Why the US needs Bush's tax cut
| ATLANTA
A day of reckoning is coming for Republicans and conservatives, and it is approaching rapidly.
Because of a series of natural disasters, unspeakable acts of terrorism, and the responses to them, this country is headed beyond a mere budget crisis. We're drifting toward a five-alarm financial fiasco.
And like Nero, who fiddled while Rome burned, attention is focused on issues like the Senate's handwringing about the Supreme Court seats to be filled. Meanwhile, huge sums of money are necessarily committed to restoring what's left of the Gulf states after hurricane Katrina.
Here's an example of how quickly the tab is mounting up. Over a period of around five days recently, the US Army Corps of Engineers put out a request for proposed bids to clean up debris in the areas impacted by Katrina. Before those five days were done, five contracts for $500 million each had already been awarded. That's $2.5 billion doled out in no time flat.
This spotlights the painful budgetary collision between spending that's unavoidable and spending that's discretionary. The problem is that no "discretion" is being exercised.
Public opinion surveys show that it's not just Democrats who are expressing concern about the growing federal deficit. Many Republican and conservative responders to polls are also starting to say they think spending is getting out of control.
We can't pay for every need of senior citizens, build new highways all across the continent, bankroll the most sophisticated military in history, rebuild entire regions of America following one hurricane after another, keep terrorists from crossing our borders, donate money to needy foreign peoples, and also keep everything else running as smoothly as we're accustomed - at least not without a massive tax increase of some sort.
I have known and personally like former President Clinton, even though we come from opposite sides of the political aisle. While I generally praise him for being a reasonable Democrat, I have to respectfully disagree with his current suggestion that we must eliminate the tax cuts passed under President Bush.
The capital gains tax cut that was passed by Newt Gingrich and the Republican Congress and allowed to become law by President Clinton in the mid-1990s helped spur the economic heydays of the 1990s, including the great stock market expansion of that time.

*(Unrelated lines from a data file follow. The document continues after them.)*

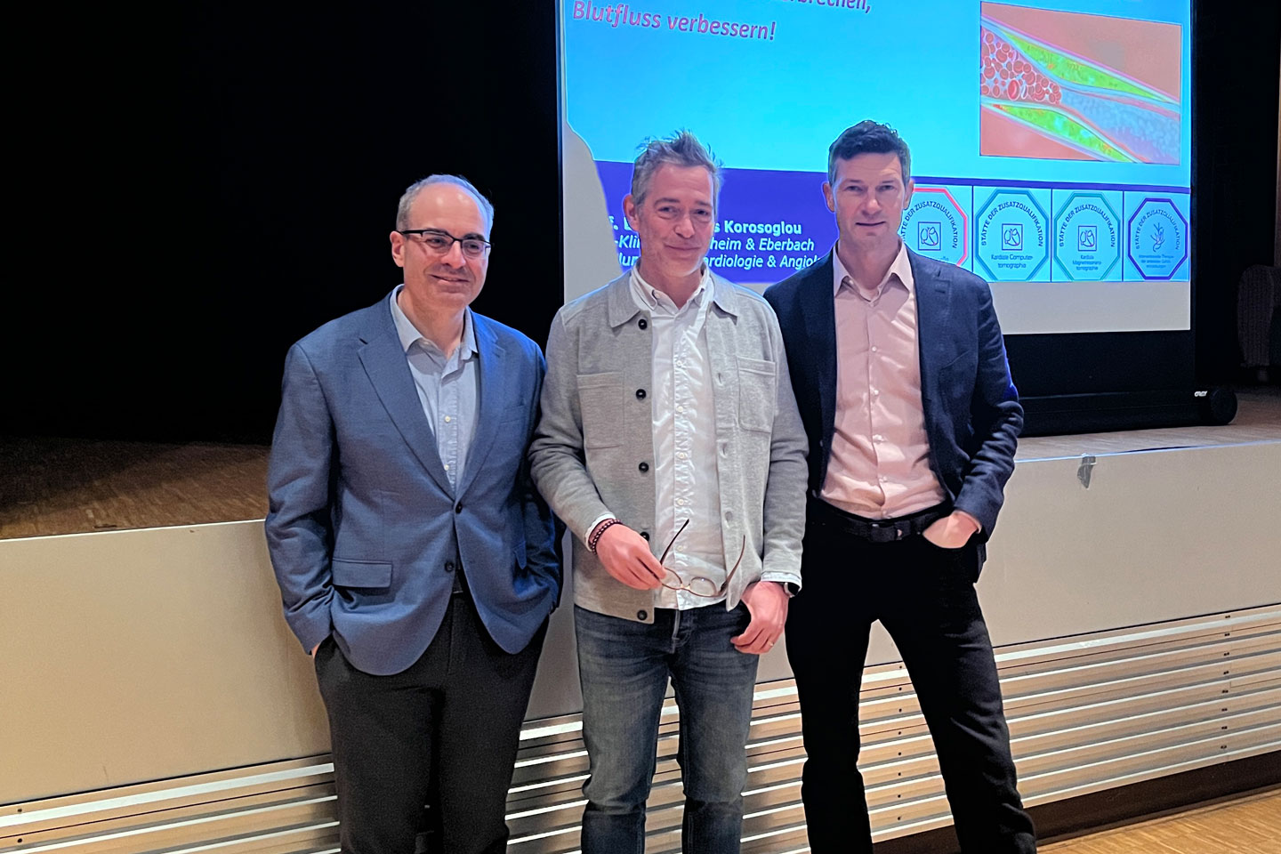 Als ausgewiesener Experte und Kommissionsleiter für endovaskuläre Therapie der peripheren arteriellen Verschlusskrankheit (pAVK) lag sein Schwerpunkt auf der chronischen Durchblutungsstörung der Beine: „Erste Anzeichen sind belastungsabhängige Beinschmerzen – die sogenannte ‚Schaufensterkrankheit‘. In fortgeschrittenen Stadien drohen Wundheilungsstörungen oder Amputationen. Dank moderner Verfahren lässt sich häufig die Durchblutung bis in den Fuß wiederherstellen – meist ohne große Operation und unter lokaler Betäubung.“ Prof. Korosoglou betonte die ganzheitliche Betrachtung des Gefäßpatienten und hob die enge Zusammenarbeit zwischen Kardiologie und Urologie hervor, da viele urologische Patientinnen und Patienten zugleich Herz-Kreislauf-Erkrankungen aufwiesen.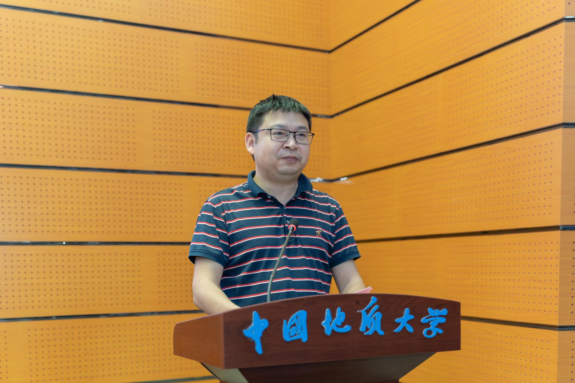 2009届校友大使、武汉工程大学法商学院教授付书科校友发言。他回忆了南望山下九年的求学时光,感谢母校的培养和校友会的支持。他对获聘校友大使的同学们说,要永葆自信赤城,激扬爱校之情;矢志担当奋斗,砥砺荣校之志;当好桥梁纽带,凝聚兴校之力。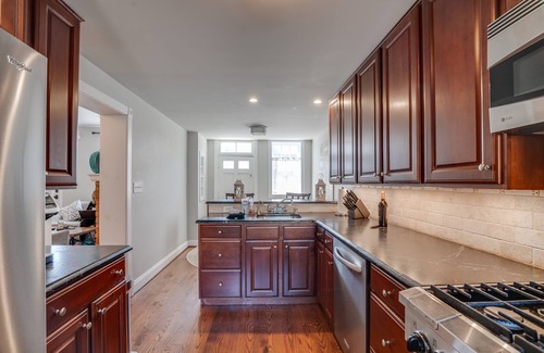 Big handsome 4-Level town home in the Frederick Historic District has been renovated from top-to-bottom. Features a true gourmet kitchen with a large gas range, soapstone counters, breakfast bar and stainless steel appliances. Relax in the evening on your private patio with fire table, or your living room reclining couch with gas fireplace. Main level bedroom with queen bed and full first floor bathroom, with 3 bedrooms and 2 full bathrooms on the 2nd floor. All bedrooms have flat-screen TVs. Balcony, a sitting area, as well a laundry center are on the upper level for convenience. Private parking for 2 cars in the rear, with additional free parking. Wheelchair accessible. Towels and linen provided. Walk to Baker Park, which is directly behind or to downtown restaurants and shops, and the Carroll Creek Promenade a few blocks away.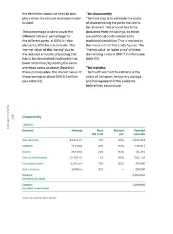 The disassembly The third step is to estimate the costs of disassembling the parts that are to be retrieved. This amount has to be deducted from the savings, as these are additional costs compared to traditional demolition This is marked by the minus in front the costs figures. The ‘market value’ or ‘sales price’ of these dismantling costs is DKK 7.3 million (see table 03). The logistics The fourth element to estimate is the costs of transport, temporary storage and management of the elements before their second use.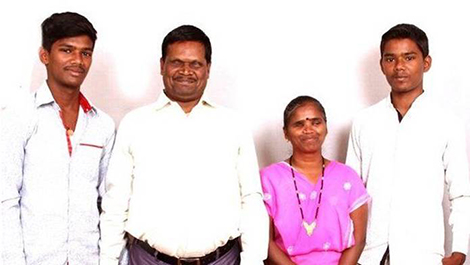 Ravi với vợ (cũng bị mù) và 2 con trai.
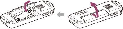 اسحب غطاء حجيرة البطارية وارفعه، وقم بإدخال بطارية NH-AAA قابلة للشحن (مرفقة مع ICD-UX533/UX533F/UX534F) أو بطارية قلوية نوع LR03 (قياس AAA) (مرفقة مع ICD-UX532) بقطبية صحيحة، ثم أغلق الغطاء.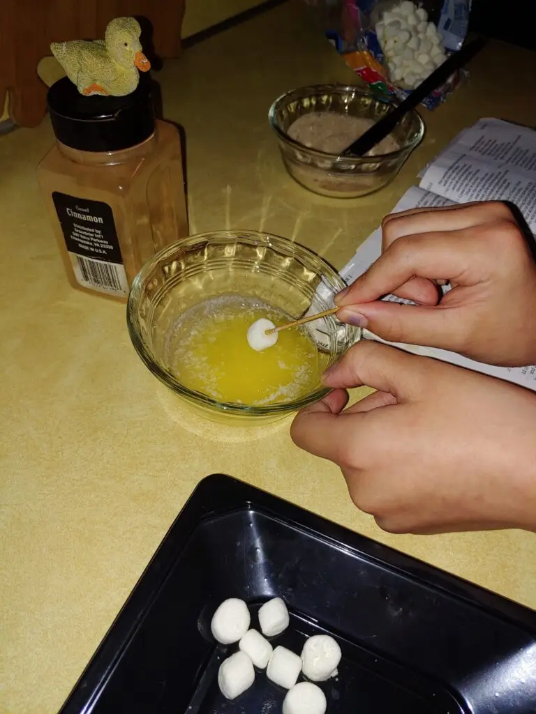 Now, take a single marshmallow and dip it into the melted butter. Then roll the marshmallow in the cinnamon sugar mixture. You can use a toothpick for finger-free dipping.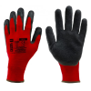 Termékleírás 13-as kötésű, piros poliészter védőkesztyű tenyerén fekete, emelt szinten csúszásbiztos latex mártás kiváló fogásbiztosság és extra tapadás szellőző kézhát, gumírozott mandzsetta Előnyök: mechanikai védelem csúszás elleni védelem kiváló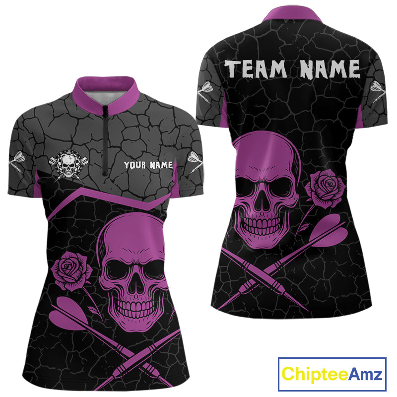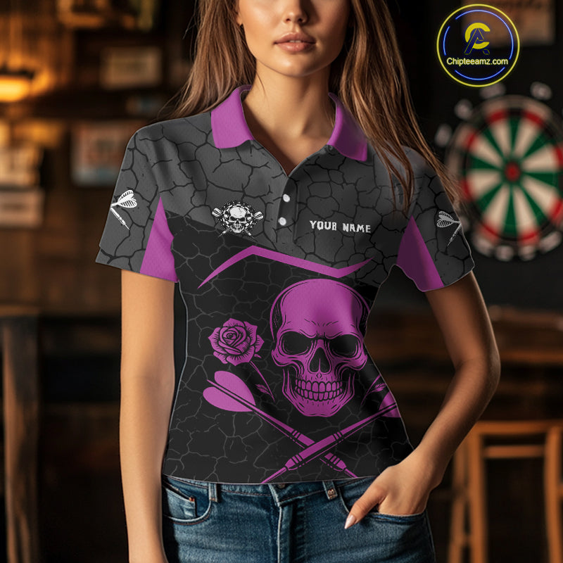Purple Roses Skull & Black Cracked Pattern Darts Shirt For Women - Custom Team Name NYN0375

In like fashion, the tax cuts proposed by President George W. Bush and passed by the Republican Congress helped rescue us from the recession that Bush inherited when he took office.
Surely the last thing we want to do is burden the taxpayers with the costs of this string of unfortunate events that has beset America in recent times.
Small business owners, entrepreneurs, and corporations are supplying most of the nation's jobs, and the burden on them will only increase as they will be relied upon to absorb the many workers displaced by Katrina. Punishing these job creators is the absolute last thing our leaders should resort to.
Better that we confront reality. We need to speed up our exit from Iraq. That doesn't mean that we should leave our troops in harm's way or abandon the Iraqi people.
It does mean that we should recognize that our form of government will probably never hold in a land where religious zeal overrides Western notions of government and law.
And yes, we also need to look at a modification of the recently passed transportation bill and a scaling back of the prescription drug benefit for seniors.
More important, the time has come for President Bush and Congress to trim the massive growth of many federal departments and agencies. The Department of Education is a prime example.
Add to that list the endless checks we cut for nations all over the world. For example, the situation in Africa is horrible, and yes, we do stand as a leader for helping the world's miserably needy.
But we are going to be forced to reexamine our commitment to other nations of the world, no matter what desperate straits they are in. Instead, we are soon going to shift our focus to the worrisome needs of one particular nation that suddenly finds itself reeling - the United States of America.
There isn't much time to waste. If you don't believe it, just ask the voters.